It has been a long time coming -- 18 seasons, to be exact (and that's not even counting all the spin-offs). But after yesterday's fantasy suite episode of "The Bachelor" with Juan Pablo, the veils have finally dropped, exposing the show as the anti-fairy-tale it actually is.
Cynics and smart people have known all along it was a sham, but the producers have always taken great pains to perpetuate the fairy tale myth. For instance, every bachelor follows the script which dictates that he have no clue who he's going to choose until he wakes up on the morning of the final rose ceremony with sudden, miraculous clarity about his "one true love." No conversations about religion or politics are ever aired, because matters of the heart are supposed to transcend that. And the vast majority of the women the producers usually pick are not career-driven realists -- they're romantics with more traditional "family values" who feel like they're old maids at 26 because they haven't found "The One" yet.
But last night, the producers had to let all that go when one woman refused to play along: Andi, our hero.

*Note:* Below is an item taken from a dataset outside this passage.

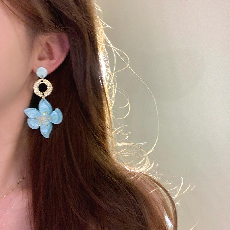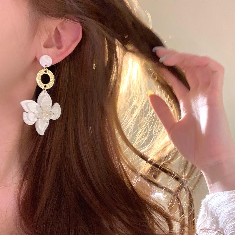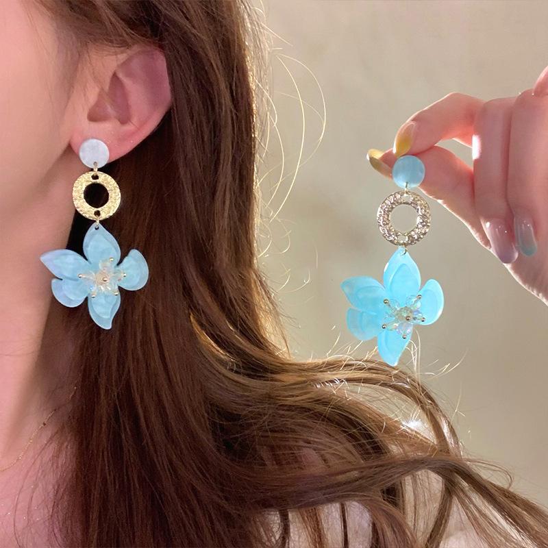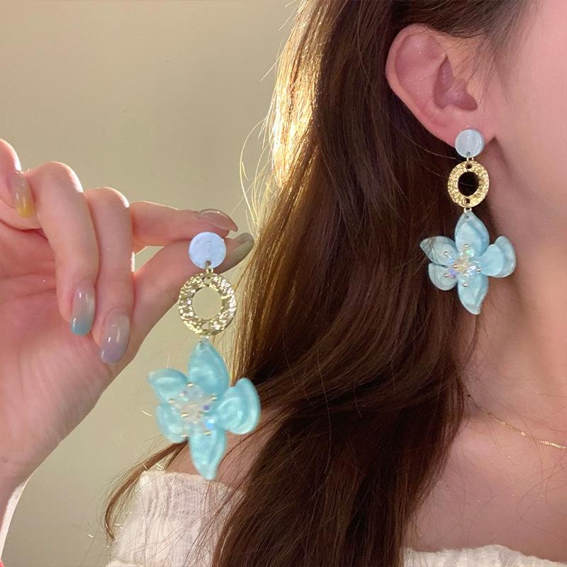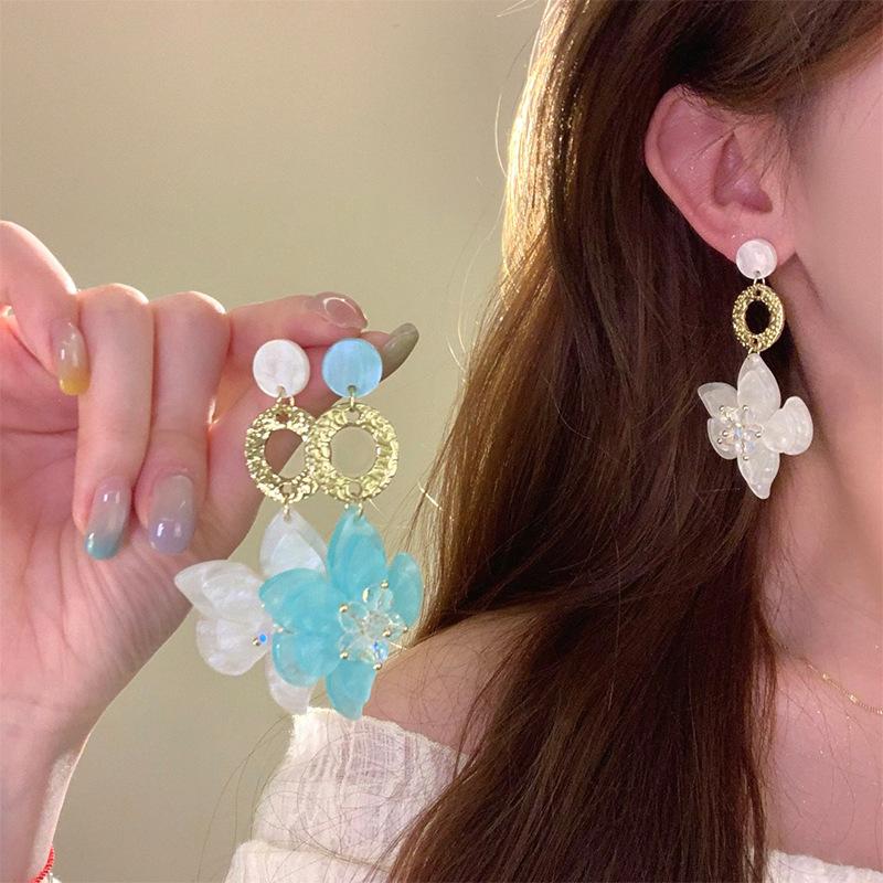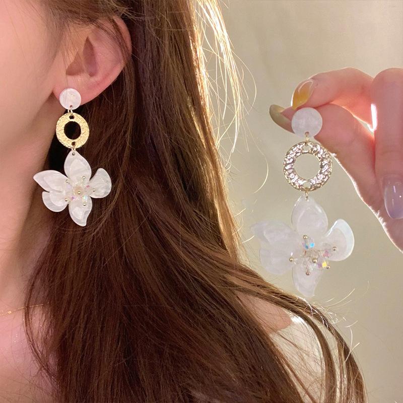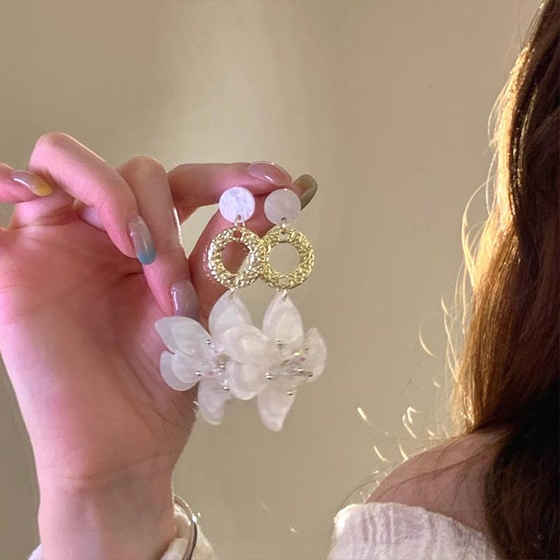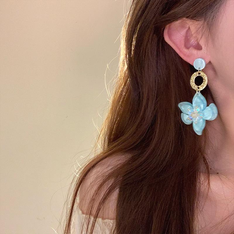 Compra Aretes de Borla de Flor de Resina Dulce Súper Hada Aguja de Plata Geométricos Personalidad Nicho Aretes Lujo Ligero Aretes de Alta Gama para Mujer al por mayor en Joom.pro
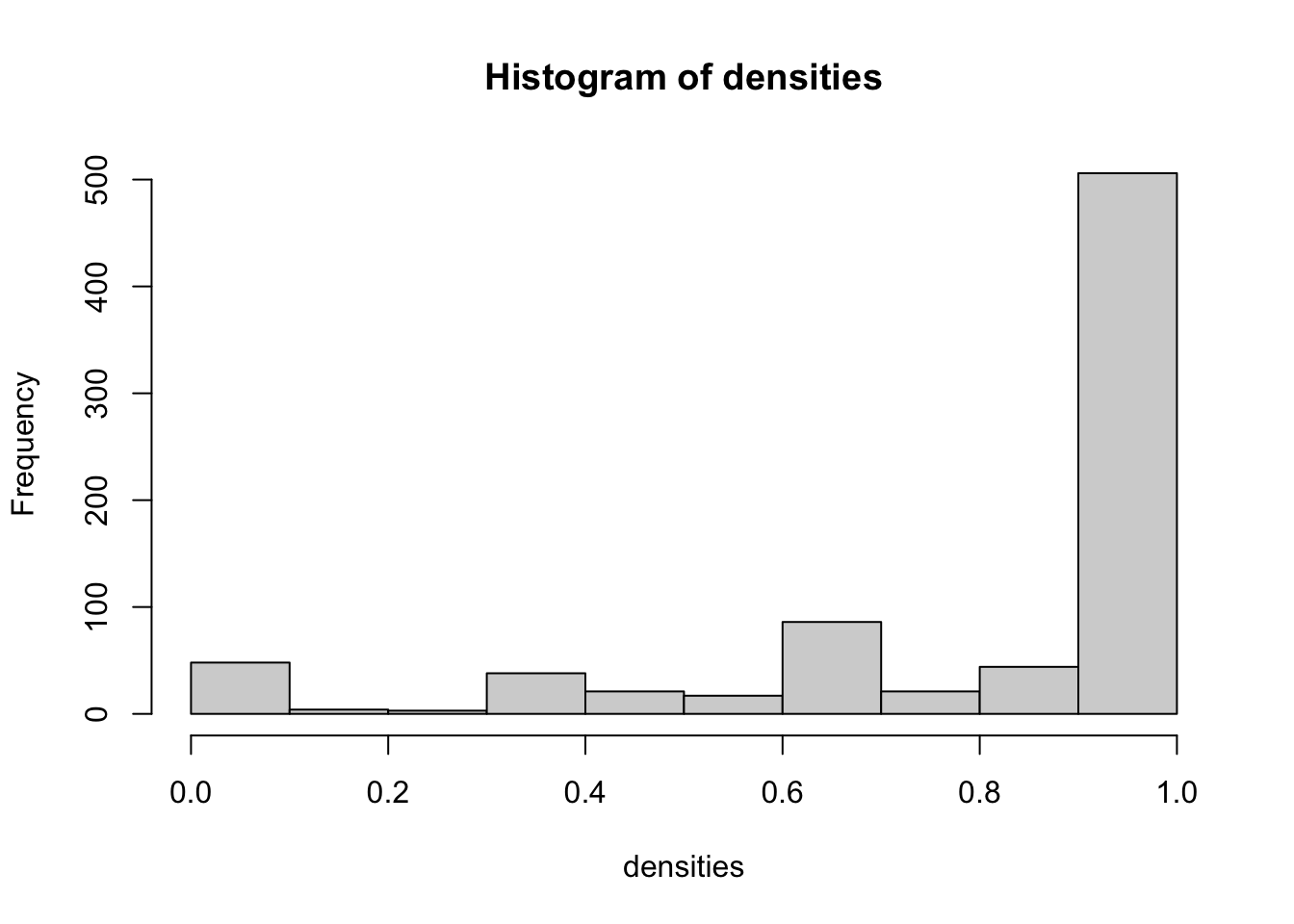 densities <- unlist(densities)To end the tutorial, let’s plot the distribution of density across the different ego networks.

Cracks in the facade began appearing earlier this season, when Juan Pablo's flaws couldn't be contained. First, while Juan Pablo was doing publicity events in real time between episodes two 2 and three, he went rogue, making homophobic statements during an interview which began chipping away at his Prince Charming exterior. He was being honest, but that's something the producers don't let bachelors get away with on the show, at least not while it's in mid-season.
Next, came the slut-shaming of Claire, who broke protocol and actually made a move on JP in the middle of the night. But since Claire knew what she wanted and she went for it, she had to be punished -- it didn't fit "The Bachelor" script, nor did it fit Juan Pablo's macho notion of how good girls behave. Even though he willingly and wholeheartedly participated, he realized he had been out-manned, so she needed to be taken down a peg. He gave her a paternalistic talking to, explaining it was wrong of her to invite him for a midnight romp in the ocean, using the lame, made-up excuse of needing to set a good example for his daughter -- a need he failed to honor in every subsequent episode by engaging in more bathing suit make-out sessions with at least five other women.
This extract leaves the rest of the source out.